= Internet Football Association =

The IFA Logo

The Internet Football Association (also known as the IFA) is an organisation which runs football competitions for supporters' teams across the United Kingdom. Its flagship competition is the IFA League, and the highlight of the IFA calendar is WorldNET. The motto of the IFA is "Internet football is not about winning, it's about building bridges between rival groups of football supporters."

==Origins of the IFA==

In the early nineties many supporters, particularly ex-pats, kept in touch with other fans via email. Those people tended to mainly be in technical or academic professions where email was widely available. The first ever internet organised football match was held in Nottingham on 30 July 1995 between Leeds Lards and Internet Hotspurs. Leeds won the match 6-3.

==WorldNET==

===History===

The IFA's annual tournament, WorldNET, traces its roots back to 1996. In the build up to UEFA Euro 96, there had been concerns over whether English football fans would be able to behave themselves. Dave "Voice of Football" Walmsley wanted to show that football fans could come together in the spirit of the game, play football and build bridges between their respective teams. Through the use of email discussion groups, Dave organised a sixteen-team tournament to be held on 9 June 1996 in Nottingham, and EuroNET 96 was born. From that point it grew to represent the teams of message boards and email discussion groups across the UK. Dave Walmsley stood down after EuroNET 96 and the organisation was taken on by John Boocock and Roger Goodair. In 1999 it was renamed WorldNET to better represent the world-wide interest the tournament now had.

===WorldNET Today===

In the time since then, WorldNET has become even bigger. 2008 saw the introduction of a Veterans' tournament. With 64 teams in the main tournament and 16 in the veterans, there were a record 80 teams competing at WorldNET 2009.

WorldNET was held at Bodington Hall, University of Leeds between 2000 and 2012. In 2013, the Veterans' tournament remained in Leeds whilst the main tournament was held at the University of Central Lancashire, Preston. WorldNET attracts teams from all over Europe and some from even further afield, with previous entrants including supporters of Inter Milan, RC Lens, St. Pauli and even an Arsenal supporters' team from Nigeria.
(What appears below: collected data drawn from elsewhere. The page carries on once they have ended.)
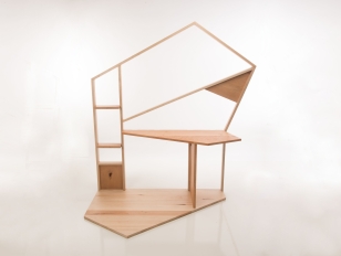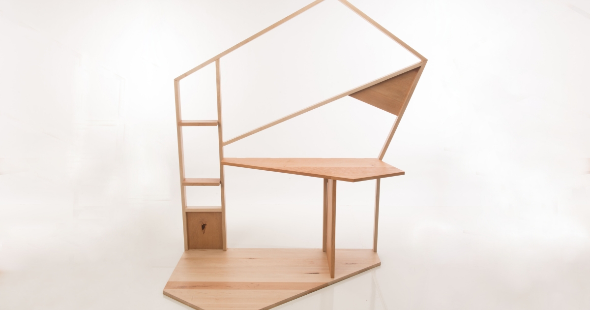 The generous donation allowed Koloski to make the largest piece of furniture in her college career. When the desk is unfolded, it stands at 6 feet tall and 5 feet by 2 feet in diameter.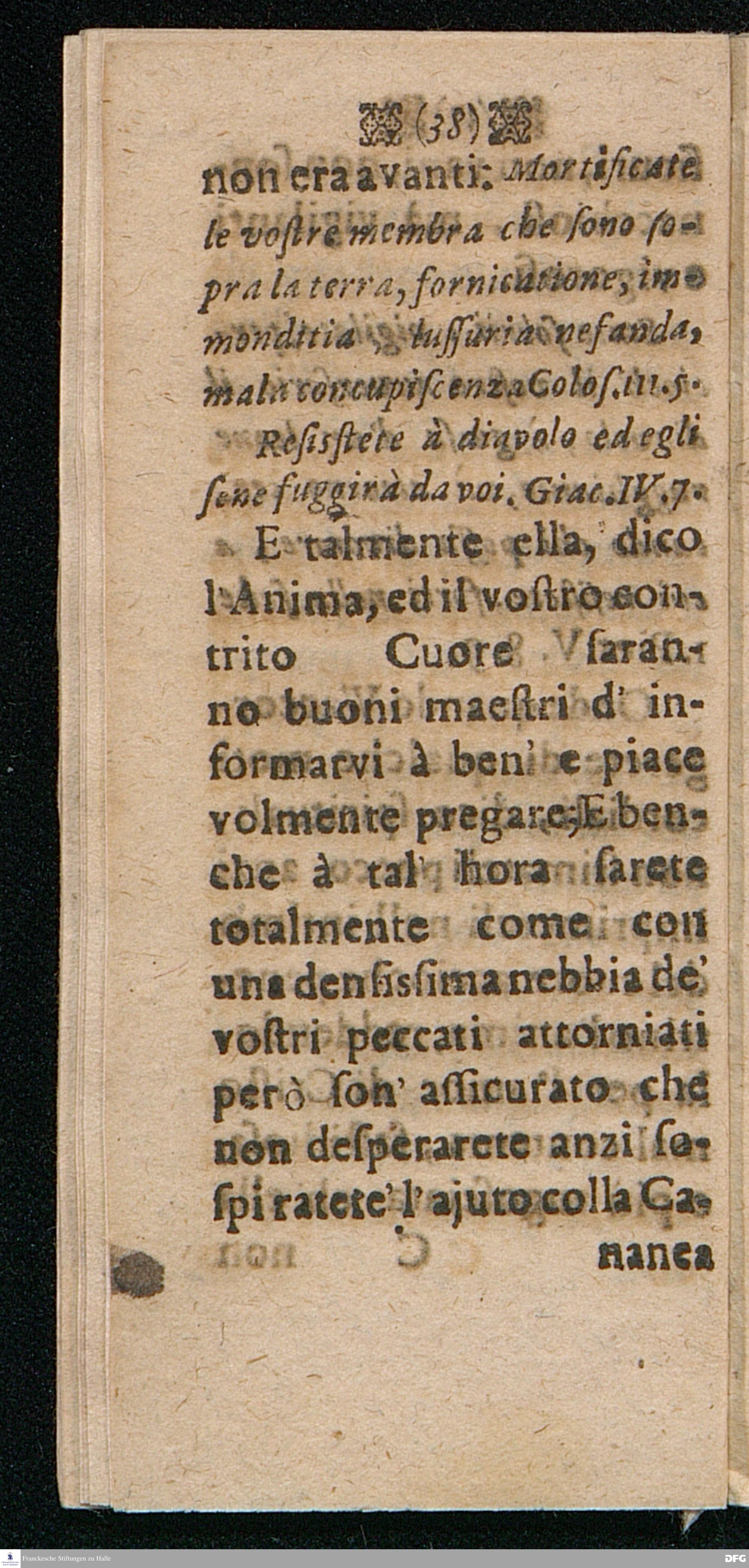 UTILISSIMA DOTTRINA Di bene e piace volmente pregare, Distinta in quattordici Paragrafi ripieni di belle Sentenze e Proverbi della Sacra Scrittura, dell'Evangelio, e de Salmi, Coll'aggiunta delle Preghiere Mattutine e Vepertine, Operate in lingua Todesca dal Molto Reverendo e Dottiss. Sign. Il Signore M. AVGVST. HERM. FRANCHIO, della Lingua Gre. & Orient. P.P. e Pastore in Glauchen vigilantissimo, hora transportata nella proprietà dell' Idioma Toscano all'uso di qualfisa cristiano amatore di Dio e della lingua Italiana dal M. Giorg. Franc. Ludovici, alle proprie Spese Halla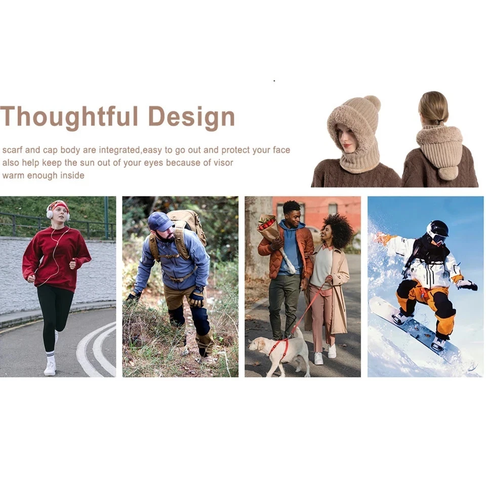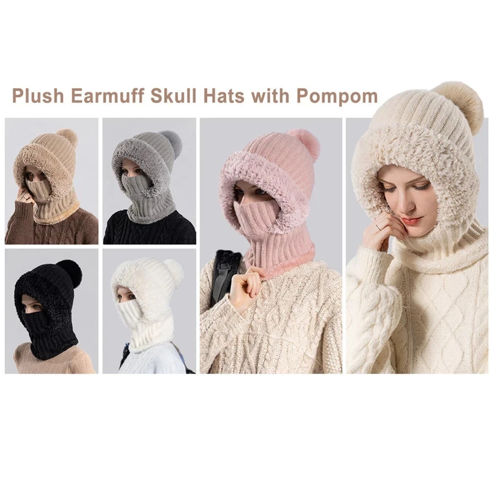 3 in 1 Womens Knit Beanie Hat Fleece Lined Winter Scarf Mask Set Snow Caps Gifts Description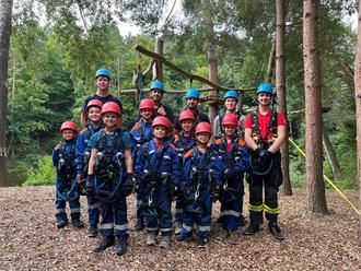 Der Samstag begann rechtzeitig, da es zu Fuß vom Gerätehaus der Feuerwehr zum Kletterwald in Schwaan ging. Hier erwartete die Kinder ein kunterbuntes und umfangreiches Programm. Beim Klettern durch die Baumwipfel, beim Bogenschießen, bei simulierten Löschangriffen auf dem Platz oder bei Erlebnis- und Umweltspielen im Wald hatten die Kinder sichtlich Spaß. Zur Stärkung gab es leckeren Wurstgulasch aus der Gulaschkanone vom Versorgungstrupp der Feuerwehr Bützow.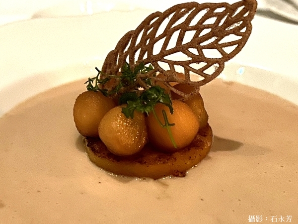 • 栗子濃湯 (Chestnut Velouté) — 烤南瓜、燉蘋果、胡桃餅乾脆片

The WorldNET tournament is played over a summer weekend. The tournament is preceded on the Friday by the IFA Challenge Cup Final and an England vs Scotland friendly. The tournament begins with the group stages on the Saturday. There are 4 teams in each group who play each other once. Games are 30 minutes long (15 minutes each half). All teams return on the Sunday for the knock-out stages, with the top two teams from each group competing in the main tournament (called the WorldNET Cup) to determine the overall winner. The bottom two teams from each group compete for the WorldNET Plate.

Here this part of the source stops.